A lot of these ideas appeared much later in the Self- Help and the New Age movement – often without Henry’s  humour but with added earnestness. He defined himself as a crank, but a special kind of crank:

On being a crank…

The difficulty is that my friends do not understand that I am a peculiar crank. Nature has made an entirely different set of laws and regulations for me; just for me alone and not applicable to any of you. I am governed by a peculiar mystical system; a system that is invisible, intangible, undemonstratable, unprovable, and unbelievable. I am especially protected by the Gods, so that no harm can come to me. Nothing ever happens to me but what I deserve. I never get stung unless I go too close to a wasp’s nest. I never get sick unless I need to. Nobody is ever unjust to me. Nobody steals anything from me but what I can get along without. I never lose an eye* that I have to have.

*Footnote— Henry Leroy, fairly early in his career, lost an eye, which was replaced by a glass eye which he often joked about.

Did Los Angeles produce any other philosophers? You could put forward eden ahbez, (cue Nat King Cole singing Nature Boy), Raymond Chandler, Charles Bukowski even Aldous Huxley…

6 thoughts on “A Los Angeles philosopher

  1. Rainer

    Very good rediscovery. The non reliance on advice reminds me of the existentialist particularly Sartre. Other LA philosopers? Try Sam Harris and at a pint Philip K Dick.

    Reply
  2. BAREFOOT TED MCDONALD

    It’s funny you mention eden ahbez. Did you happen to see the photo of Freedom Hill Henry’s son from 1924? >>http://wesclark.com/burbank/henrys.html

    I used to live at the base of Freedom Hill in today’s Shadow Hills. I first became aware of him while studying another California philosopher (i.e., he lived the last 20 years of his life in CA) named J. William Lloyd who lived at the base of Freedom Hill and was an inspiration to FHH.

    Lloyd was corresponding with Aldous Huxley in the 1930s.
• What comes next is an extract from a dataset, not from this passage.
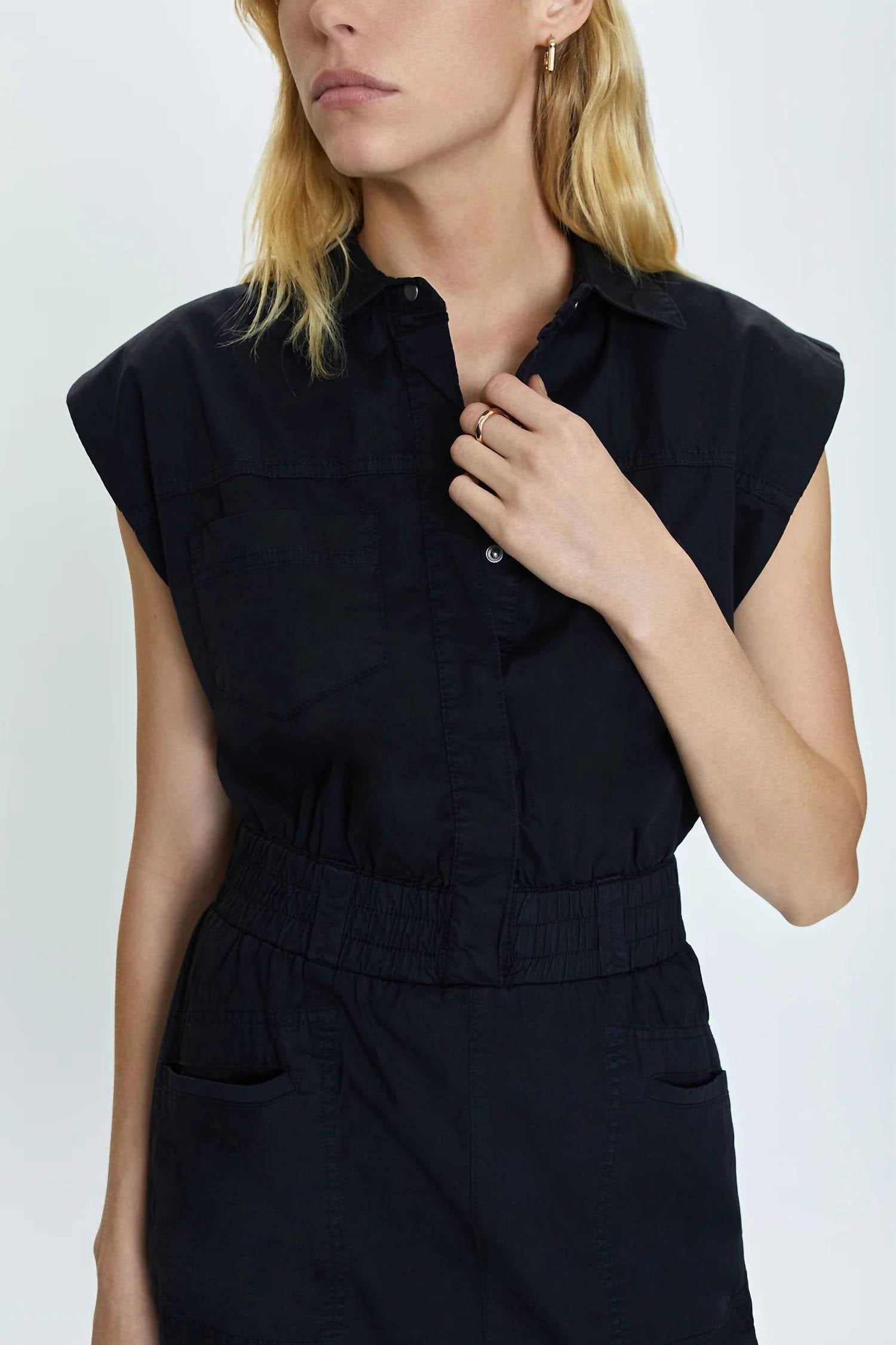 The perfect mini dress for those warmer months. Introducing the Rosie Mini Dress by PISTOLA, a chic streetwear staple perfect for your next dinner party. This sleeveless sheath dress is made from a lightweight stretch twill, featuring a cotton blend composition of 98% Cotton and 2% Spandex. It is designed with slight shoulder pads for added structure, smocking along the waist for a flattering fit, and practical pockets. With a 34" length and button closure, this solid black mini dress is ideal for summer gatherings. Care is easy with a machine wash cold, making it both stylish and low maintenance.
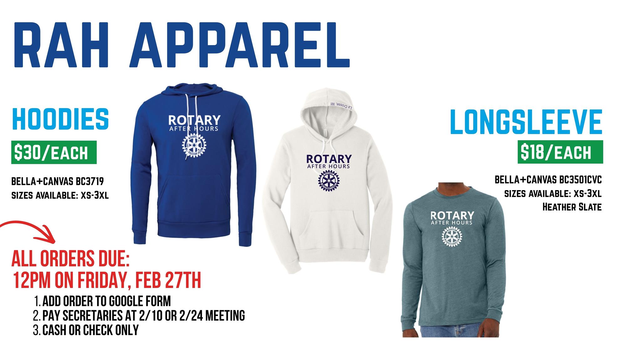 Perfect for meetings, service projects, socials, coffee runs, or just RAH'pping the club wherever you go. Hoodies and long-sleeve tees are up for grabs.

And amazingly, there seems to be a connection between him and eden ahbez.

    LLoyd’s book titled “The Dwellers in Vale Sunrise” published in 1904 was considered to be the first time a hippy group is described in American literature. Laurence Veysey in his 1973 University of Chicago Press book titled “The Communal Experience: Anarchist & Mystical Communities in Twentieth-Century America” writes in Chapter 1 after quoting a passage from Lloyd’s book that: “…one is soon aware of having stumbled into the presence of the very first “hippie” band in the history of the American imagination.” p. 19

    I have lots more information on many of these characters, especially Lloyd and Freedom Hill Henry.

    Best Regards, BFT

    Reply
  3. Jot 101 Post author

    Many thanks Ted– much of my info came from that link + our copy of his excellent book Happy in Hell. I think he would have got on with Sartre and even E Tolle. Thanks for the info on William Lloyd another Los Angeles philosopher. I have a book somewhere called Children of the Sun which links this crowd back to Germany in the late 19th century and groups like the wandervogel– also early hippie types. Stuff in there on eden ahbez and the immortal Gypsy Boots!

    Reply
  4. BAREFOOT TED MCDONALD

    Howdy Jot 101

    Sorry to take so long to get back to you.

    I am familiar with Children of the Sun, but the hippy influence that Lloyd brings to the table is not from Germany, but rather rooted in the American Transcendentalist tradition: Emerson, Thoreau and Whitman.

    Freedom Hill Henry was a friend of Lloyd’s and was strongly influenced by J. William Lloyd’s books, especially the Natural Man and Dawn Thought.